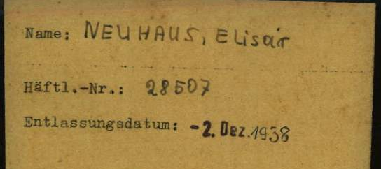 16.11.1938 Internierung des Vaters Elieser als „Aktionsjude“ im KL Dachau; Häftlingsnummer 28507
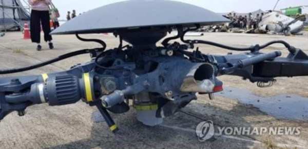 | ▲ 지난 7월18일 경북 포항시 남구 포항공항 활주로에 추락한 해병대 상륙기동 헬기 ‘마린온’의 메인 로터(회전날개)가 부서진 채 놓여있다.(사진제공=연합뉴스) | ||
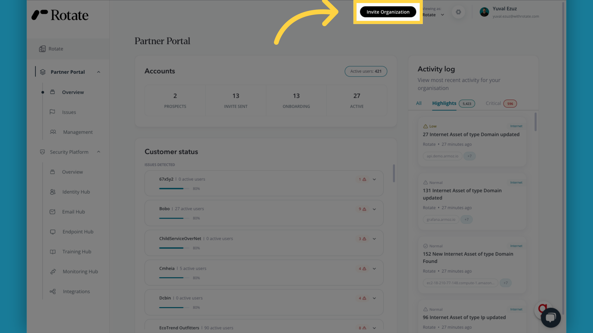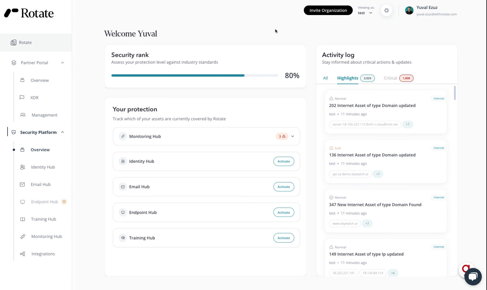Getting StartedGetting StartedGetting StartedExplore the Rotate platform to better secure your organization.Knowledge BaseExplore articles and resources to boost your knowledge.FAQsFind quick answers to your and others most common questions.Video TutorialsExplore our video library to learn more about Rotate features.What's NewExplore our video library to learn more about Rotate features.Getting started videosHow to Onboard a New Customer to RotateManagement1 minHow to Invite a User to Rotate's DashboardManagement1 minHow to give Rotate permissions to Reset user Password upon next loginRemdiations1 minPopular TopicsHow to Suspend or Delete a User from a Rotate Accountaccount management1 minHow to set up a Rotate Account as an Organization Adminaccount management2 minHow to set up a Rotate account as an MSPaccount management2 minSign Ins - Uses for Detection and Common TrendsIncident ResponseKey Components of Effective Security PoliciesPolicies3 minEnhancing Identity Security with Rotate's Identity HubTeam Management4 minIntroducing 'Dig Deeper' - AI-Powered Insights for Security IssuesAI-Driven Security Tools5 minWhat is External Attack Surface Management (EASM)?Introduction5 minInstalling Rotate’s Sensor on WindowsInstallation Guides5 minInstalling Rotate’s Sensor on MacOSInstallation Guides5 minKey Features of the XDR PlatformSecurity3 minOn this pageGetting Started VideosPopular Topics
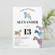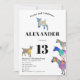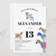 Une collection de chèvres colorées et mignonnes en rose, violet, bleu, orange, jaune et aqua. Une invitation à une fête d'anniversaire pour les 13 ans avec des animaux de ferme mignons avec des bébés chèvres et des chèvres debout sur des chèvres. Cette invitation à une fête amusante est facile à personnaliser pour créer une invitation unique adaptée aux enfants et aux adultes amateurs de chèvres. Illustrations originales de chèvres psychédéliques colorées par l'artiste Catherine Sweetman
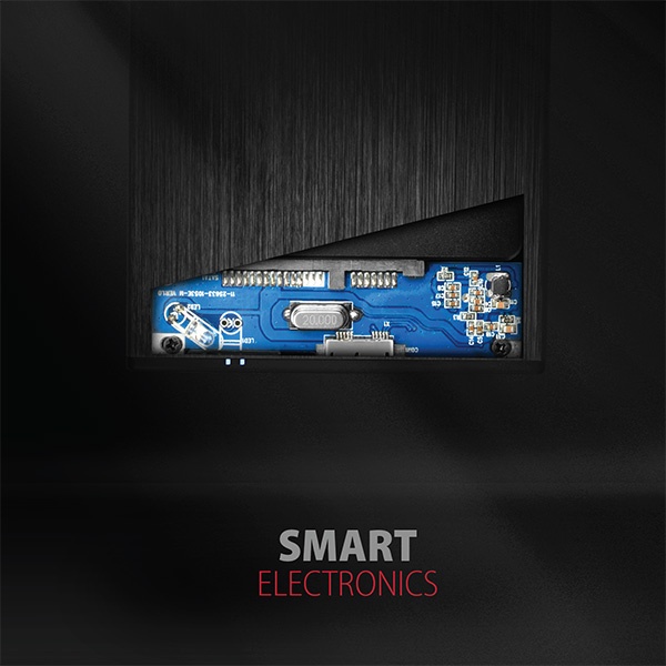 SATA 6G rozhraní s podporou UASP dovolí užívat si rychlost moderních SSD disků. Podpora funkce TRIM pro omezení pozvolné degradace výkonu SSD v čase. Čtení S.M.A.R.T. informací monitorujících kondici externího disku. Podpora uspávání připojeného disku i boxu.
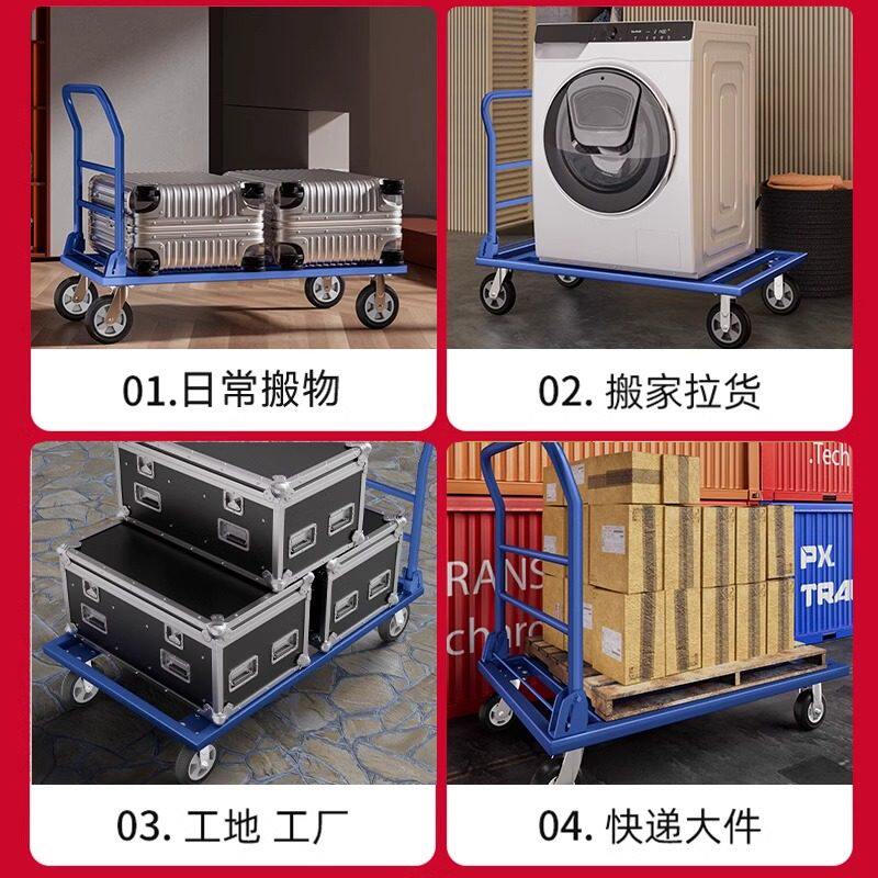 平板手推车小推车拉货四轮静音推货车可折叠搬运平板车拖车小拉车
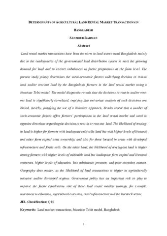 Determinants of agricultural land rental market transactions in Bangladesh.
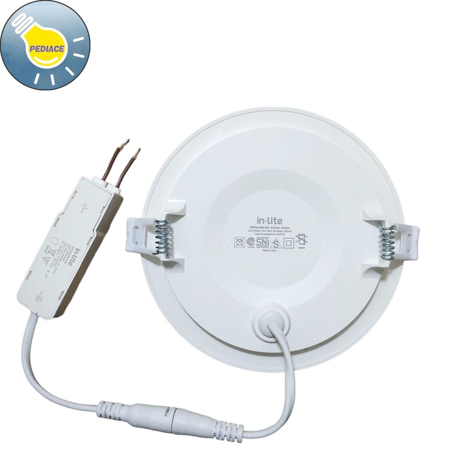 Lampu LED Panel Light Bulat 9 Watt Inlite Inbow SNI – COOL WHITE 4000K – Merk: inlite – Daya: 9 Watt – Lumens: 650lm – Voltase: 220 – 240V 50-60hz – Tersedia warna cahaya: COOL WHITE 4000K – Diameter: 146 mm – Tinggi: 25.5 mm – Lubang Plafon: 130 mm – Bentuk: Bulat (Round) – Bisa langsung sambung ke listrik 220V/ Listrik PLN – High CRI: gt;80 – With stabilizer voltage protection – No UV Emission – Eye comfort – 15.000 Hour long life service Note: Lampu akan di tes dan dipacking bubble serta dus sebelum dikirim
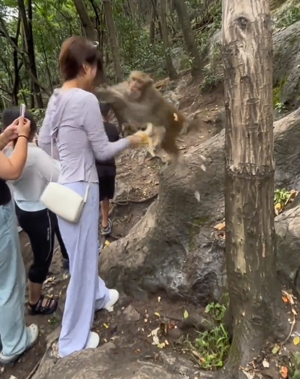 女子轻轻碰了下这只猴子的手臂,野猴转过身来,根本不看她手里的香蕉,而是直接高高跃起扑到她身上,随后双腿用力一蹬又跳到了旁边的树上。
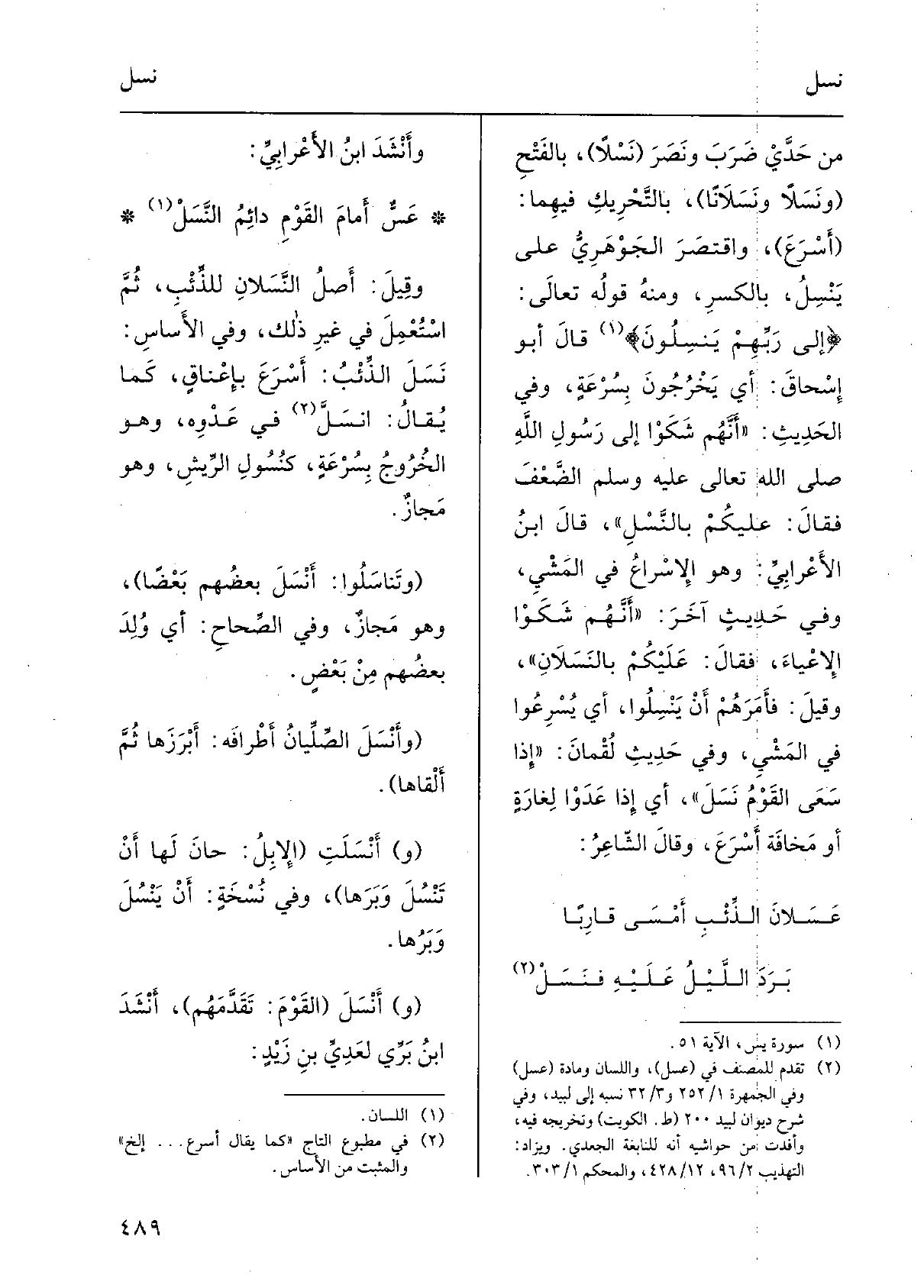 من حدَّيْ ضرَبَ ونصَرَ، نَسْلاً، بِالْفَتْح، ونسَلاً ونَسَلاناً، بالتَّحريكِ فيهِما: أَسرعَ، واقتصَرَ الجَوْهَرِيّ على ينسِلُ، بالكسْرِ، وَمِنْه قولُه تَعَالَى: إِلَى رَبِّهِمْ يَنْسِلُونَ، قَالَ أَبو لإسحاقَ: أَي يَخرُجونَ بسُرعَةٍ، وَفِي الحديثِ: أَنَّهُم شَكَوا إِلَى رسولِ اللهِ صلّى الله تَعَالَى عَلَيْهِ وسلَّم الضَّعْفَ فَقَالَ: عليكُمْ بالنَّسْلِ، قَالَ ابْن الأَعْرابِيِّ: وَهُوَ الإسراعُ فِي المَشيِ، وَفِي حديثٍ آخَرَ: أَنَّهُم شَكَوا الإعياءَ، فَقَالَ: عليكُمْ بالنَّسَلانِ، وَقيل: فأَمرَهُمْ أَن يَنْسِلوا، أَي يُسرعوا فِي المَشيِ، وَفِي حديثِ لقمانَ: إِذا سَعى القَوْمُ نَسَلَ، أَي إِذا عَدَوا لِغارَةٍ أَو مَخافة أَسْرَعَ، وَقَالَ الشّاعِرُ:
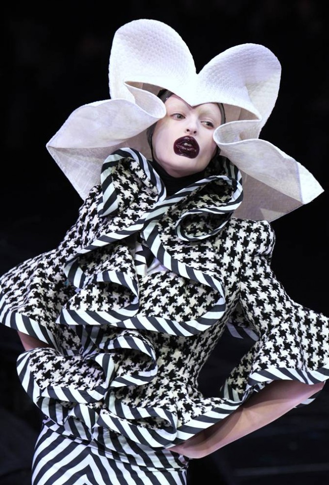 Бёртон обладает знаниями о Ли МакКуине и использует их легко и с чувством. Ломаный узор в виде меловой полосы может быть отсылкой к красной тонкой полоске, которую МакКуин использовал для шоу 1998 года под названием «Джоан», основанного на католической мученице. Круглый набор с кольцом видеороликов, вдохновленных исследованиями движения викторианского фотографа Эдверда Мейбриджа, определенно намекает на «Джоан», что было сделано в раунде. И Бертон играл ту же музыку из этого шоу, только наоборот. Также хочу отметить, что у компании был один из лучших актеров в этом сезоне. Помимо французской певицы и автора песен Изольда, у Бертона было около 15 мужчин и женщин, которые не были профессиональными моделями.
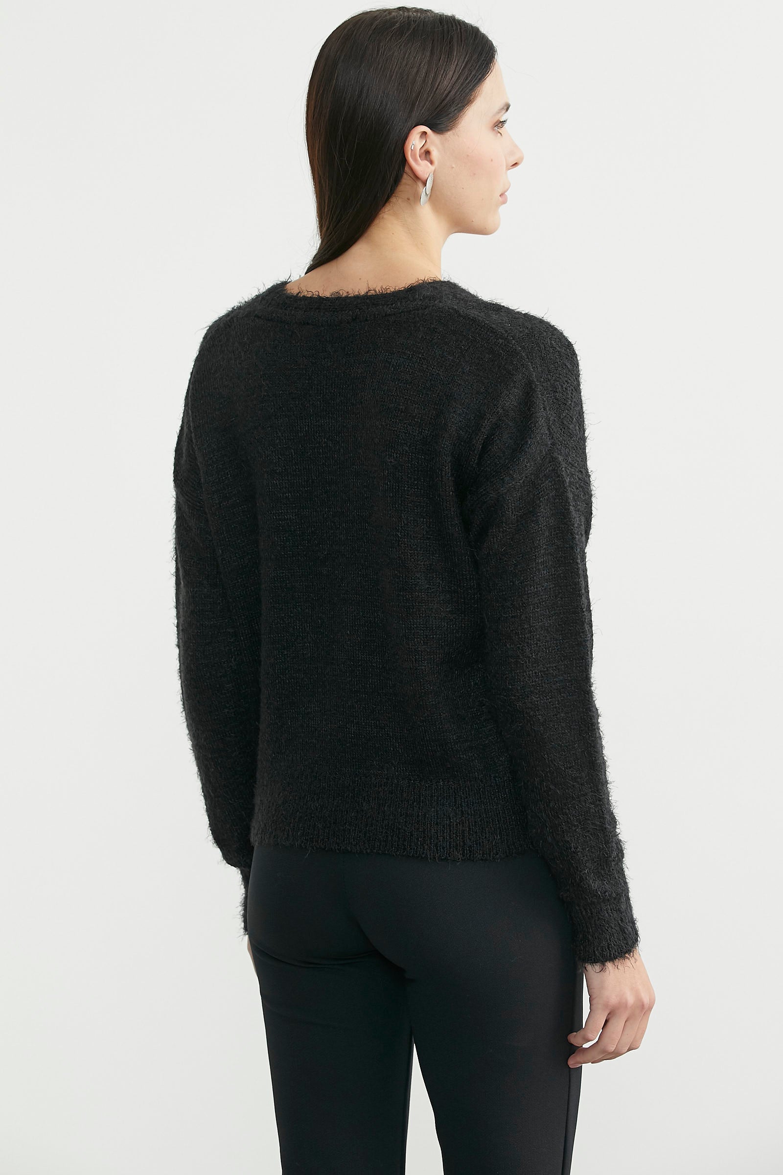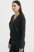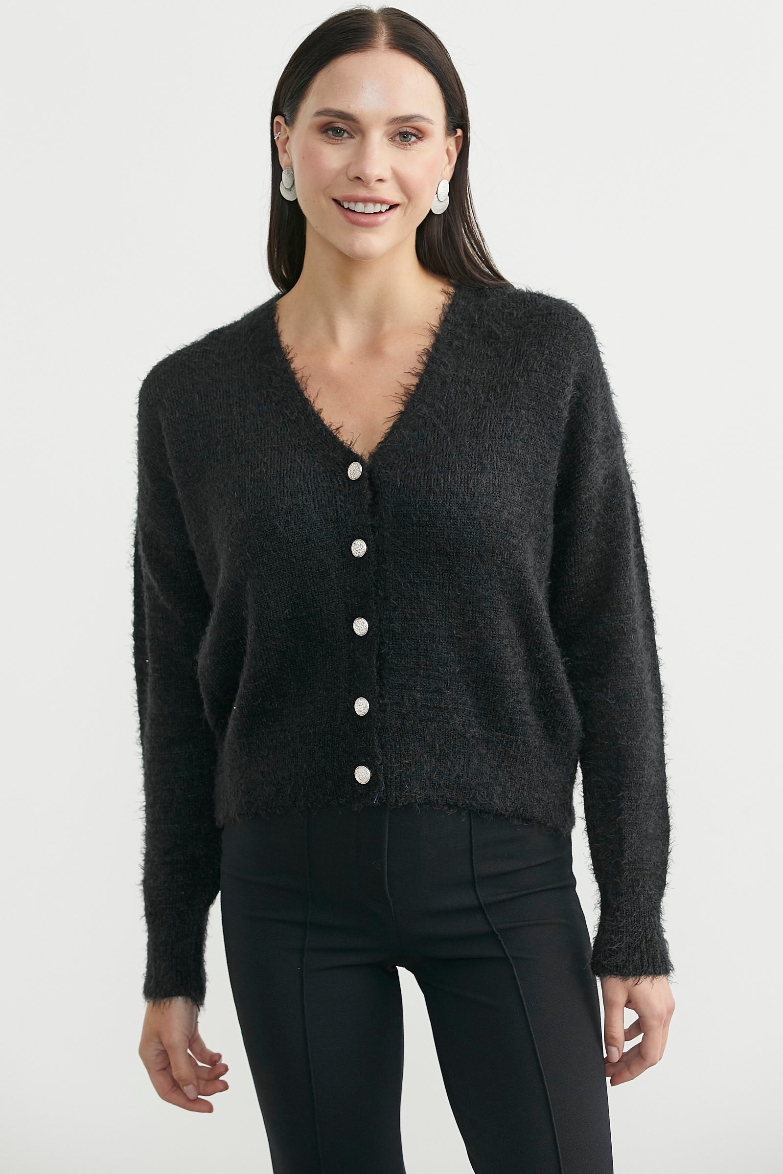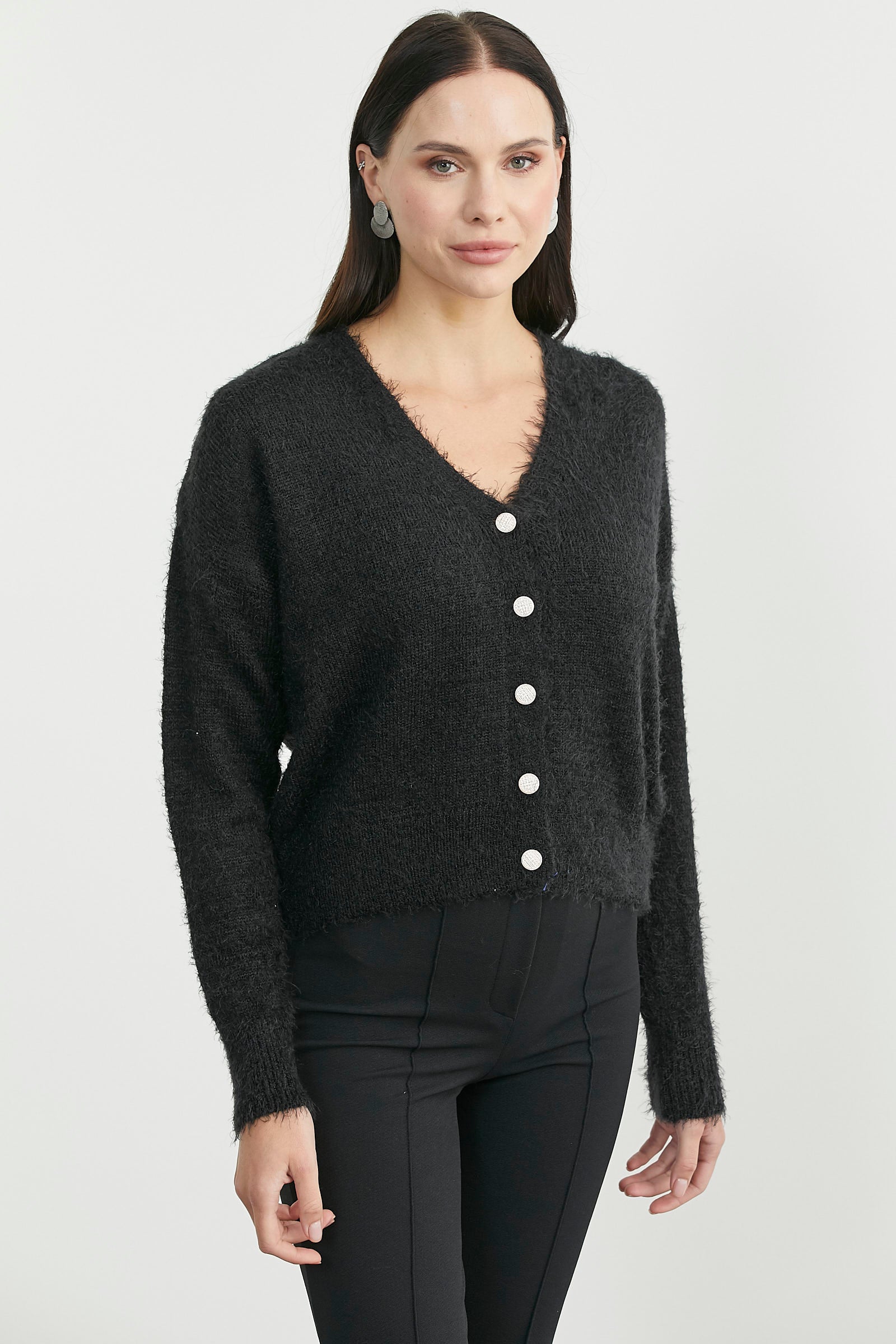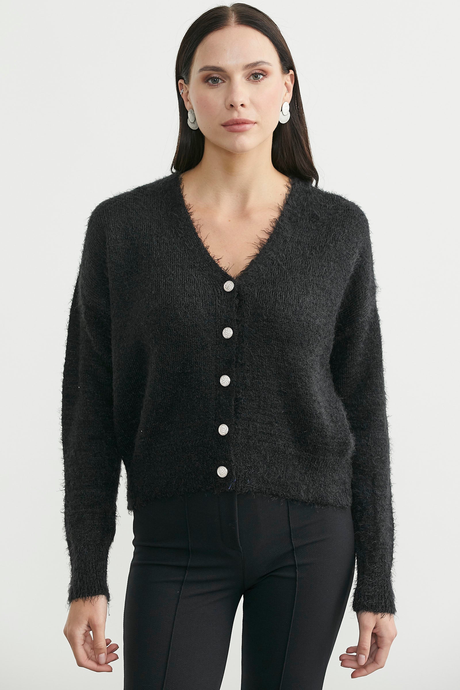 V yaka, metal düğme kapamalı, manşet ve etek ucu lastik örgülü triko hırka.

====

To do -> Above are records; write out the lines from the one with "Lampu LED Panel" down to the one with "من حدَّيْ ضرَبَ", exactly, leaving the pictures out.

Response ->
 Lampu LED Panel Light Bulat 9 Watt Inlite Inbow SNI – COOL WHITE 4000K – Merk: inlite – Daya: 9 Watt – Lumens: 650lm – Voltase: 220 – 240V 50-60hz – Tersedia warna cahaya: COOL WHITE 4000K – Diameter: 146 mm – Tinggi: 25.5 mm – Lubang Plafon: 130 mm – Bentuk: Bulat (Round) – Bisa langsung sambung ke listrik 220V/ Listrik PLN – High CRI: gt;80 – With stabilizer voltage protection – No UV Emission – Eye comfort – 15.000 Hour long life service Note: Lampu akan di tes dan dipacking bubble serta dus sebelum dikirim
 女子轻轻碰了下这只猴子的手臂,野猴转过身来,根本不看她手里的香蕉,而是直接高高跃起扑到她身上,随后双腿用力一蹬又跳到了旁边的树上。
 من حدَّيْ ضرَبَ ونصَرَ، نَسْلاً، بِالْفَتْح، ونسَلاً ونَسَلاناً، بالتَّحريكِ فيهِما: أَسرعَ، واقتصَرَ الجَوْهَرِيّ على ينسِلُ، بالكسْرِ، وَمِنْه قولُه تَعَالَى: إِلَى رَبِّهِمْ يَنْسِلُونَ، قَالَ أَبو لإسحاقَ: أَي يَخرُجونَ بسُرعَةٍ، وَفِي الحديثِ: أَنَّهُم شَكَوا إِلَى رسولِ اللهِ صلّى الله تَعَالَى عَلَيْهِ وسلَّم الضَّعْفَ فَقَالَ: عليكُمْ بالنَّسْلِ، قَالَ ابْن الأَعْرابِيِّ: وَهُوَ الإسراعُ فِي المَشيِ، وَفِي حديثٍ آخَرَ: أَنَّهُم شَكَوا الإعياءَ، فَقَالَ: عليكُمْ بالنَّسَلانِ، وَقيل: فأَمرَهُمْ أَن يَنْسِلوا، أَي يُسرعوا فِي المَشيِ، وَفِي حديثِ لقمانَ: إِذا سَعى القَوْمُ نَسَلَ، أَي إِذا عَدَوا لِغارَةٍ أَو مَخافة أَسْرَعَ، وَقَالَ الشّاعِرُ:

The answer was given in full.